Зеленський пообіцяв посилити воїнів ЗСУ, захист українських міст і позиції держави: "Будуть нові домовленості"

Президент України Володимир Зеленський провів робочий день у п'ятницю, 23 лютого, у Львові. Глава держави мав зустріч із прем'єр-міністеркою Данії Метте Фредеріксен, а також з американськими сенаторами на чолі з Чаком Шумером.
▬▬▬▬▬▬▬▬▬▬
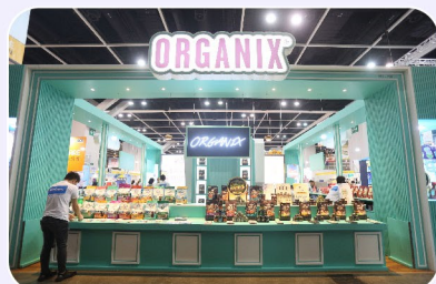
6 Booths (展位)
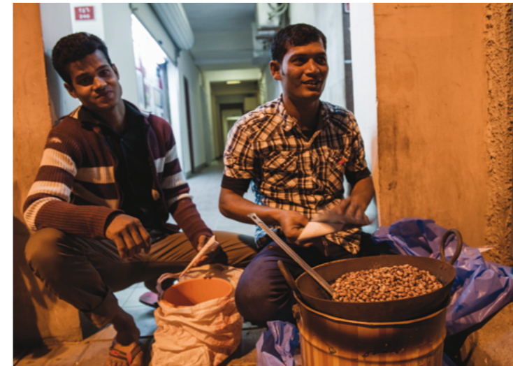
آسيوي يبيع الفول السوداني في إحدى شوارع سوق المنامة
▬▬▬▬▬▬▬▬▬▬
**Exercise aim:**
In the data above, which lines lie between the line with "Зеленський пообіцяв посилити" and the line with "Президент України Володимир", inclusive? Print those lines exactly and nothing else.

**Task result:**
Зеленський пообіцяв посилити воїнів ЗСУ, захист українських міст і позиції держави: "Будуть нові домовленості"

Президент України Володимир Зеленський провів робочий день у п'ятницю, 23 лютого, у Львові. Глава держави мав зустріч із прем'єр-міністеркою Данії Метте Фредеріксен, а також з американськими сенаторами на чолі з Чаком Шумером.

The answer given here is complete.